In step S4, the vehicle receives and executes the command, and after the command is executed, the current state of the control named "gesture touch rotation direction" is "inward", and the execution result can be fed back To the user by voice in a TTS (Text-To-Speech) manner.

From the above, the user realizes 'visible' to the graphical user interface on the vehicle-mounted system, and does not need to touch the screen, press the keys and other physical operations in the whole process, and the full voice operation in the vehicle driving process enables the sight and attention of the user to be completely concentrated on driving, so that the vehicle driving safety can be fully ensured. And the context information of the current vehicle-mounted system graphical user interface is sent to the server, so that the server can fully utilize the context information to finish natural language understanding processing in the voice interaction process, and because more dimensional information is added, a user can operate any content on the graphical user interface in a vehicle through voice, and the interaction quality of the human-computer interaction system is improved.

It should be noted that, for simplicity of description, the method embodiments are described as a series of acts or combination of acts, but those skilled in the art will recognize that the present invention is not limited by the illustrated order of acts, as some steps may occur in other orders or concurrently in accordance with the embodiments of the present invention. Further, those skilled in the art will appreciate that the embodiments described in the specification are presently preferred and that no particular act is required to implement the invention.

Referring to fig. 5, a block diagram illustrating a structure of an embodiment of a voice interaction system of the present invention may specifically include: the system comprises a vehicle and a server capable of communicating with the vehicle, wherein the vehicle is provided with a request receiving module, an information sending module, an instruction receiving module and an execution feedback module, and the server is provided with a natural language understanding module and an instruction sending module.

The request receiving module is used for receiving a voice request of a user;

In the voice interaction system, the context information comprises the name and the type of an operable control in the graphical user interface of the current vehicle-mounted system, an action supported by the operable control, a value range of the action and the current state of the operable control.

Specifically, the natural language understanding module includes:

the creating submodule is used for creating a scene semantic space according to the context information;

the understanding submodule is used for carrying out semantic understanding on the voice request and outputting a semantic understanding result;

the processing submodule is used for retrieving, recalling, sequencing and matching the operable control by using the semantic understanding result in the scene semantic space;

and the output submodule is used for outputting the operation of the operable control responding to the voice request as a natural language understanding processing result.

Wherein creating the sub-module comprises:

the receiving unit is used for receiving the context information sent by the vehicle;

a loading unit for loading and analyzing scene elements included in the context information;

and the generating unit is used for generating a scene semantic document according to the scene elements.

Wherein the understanding submodule comprises:

the processing unit is used for performing text preprocessing and text normalization processing on the text in the voice request and then extracting a sentence backbone;

and the output unit is used for understanding the intention of the voice request of the user according to the sentence backbone and outputting a semantic understanding result.

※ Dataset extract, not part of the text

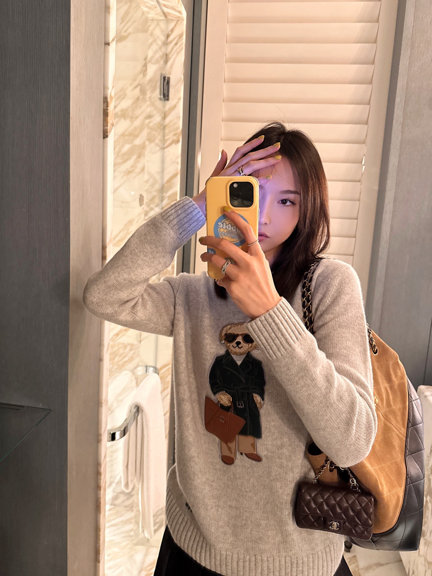 紫標系列最新款來了!這件灰色小熊針織衫真的太可愛、太有質感了。

Further, the output unit is further configured to determine a preliminary result of understanding the intention of the user voice request according to the sentence skeleton, correct the preliminary result by using a negative word in the sentence skeleton, and output a corrected semantic understanding result.

Wherein, the processing submodule includes:

the retrieval unit is used for extracting the text in the voice request to retrieve in the scene semantic document;

the recall unit is used for recalling the retrieval result by using a preset recall strategy and then scoring the matching degree;

the sorting unit is used for sorting the scored retrieval results according to a preset sorting strategy;

the matching unit is used for outputting a matching result according to the sorting result; wherein the matching result comprises the operation intention of the operable control, the name of the operable control and the execution action of the operable control.

Further, the text in the voice request includes all or part of the text in the voice request, and the retrieving unit is specifically configured to any one of:

or the like, or, alternatively,

Further, the recall unit is specifically configured to recall, for the search result, by using one or more preset recall policies including text omission based on a preset list of negligible words, core word hit necessity, recall by setting a threshold, and checking an action word or a negative intention in the text.

For the device embodiment, since it is basically similar to the method embodiment, the description is simple, and for the relevant points, refer to the partial description of the method embodiment.

An embodiment of the present invention further provides a vehicle, including:

the voice interaction method comprises a processor, a memory and a computer program which is stored on the memory and can run on the processor, wherein when the computer program is executed by the processor, each process of the voice interaction method embodiment is realized, the same technical effect can be achieved, and the details are not repeated here to avoid repetition.

An embodiment of the present invention further provides a server, including:

The embodiment of the present invention further provides a computer-readable storage medium, where a computer program is stored on the computer-readable storage medium, and when being executed by a processor, the computer program implements each process of the voice interaction method embodiment, and can achieve the same technical effect, and in order to avoid repetition, details are not repeated here.

The embodiments in the present specification are described in a progressive manner, each embodiment focuses on differences from other embodiments, and the same and similar parts among the embodiments are referred to each other.

As will be appreciated by one skilled in the art, embodiments of the present invention may be provided as a method, apparatus, or computer program product. Accordingly, embodiments of the present invention may take the form of an entirely hardware embodiment, an entirely software embodiment or an embodiment combining software and hardware aspects. Furthermore, embodiments of the present invention may take the form of a computer program product embodied on one or more computer-usable storage media (including, but not limited to, disk storage, CD-ROM, optical storage, and the like) having computer-usable program code embodied therein.

Embodiments of the present invention are described with reference to flowchart illustrations and/or block diagrams of methods, terminal devices (systems), and computer program products according to embodiments of the invention. It will be understood that each flow and/or block of the flow diagrams and/or block diagrams, and combinations of flows and/or blocks in the flow diagrams and/or block diagrams, can be implemented by computer program instructions. These computer program instructions may be provided to a processor of a general purpose computer, special purpose computer, embedded processor, or other programmable data processing terminal to produce a machine, such that the instructions, which execute via the processor of the computer or other programmable data processing terminal, create means for implementing the functions specified in the flowchart flow or flows and/or block diagram block or blocks.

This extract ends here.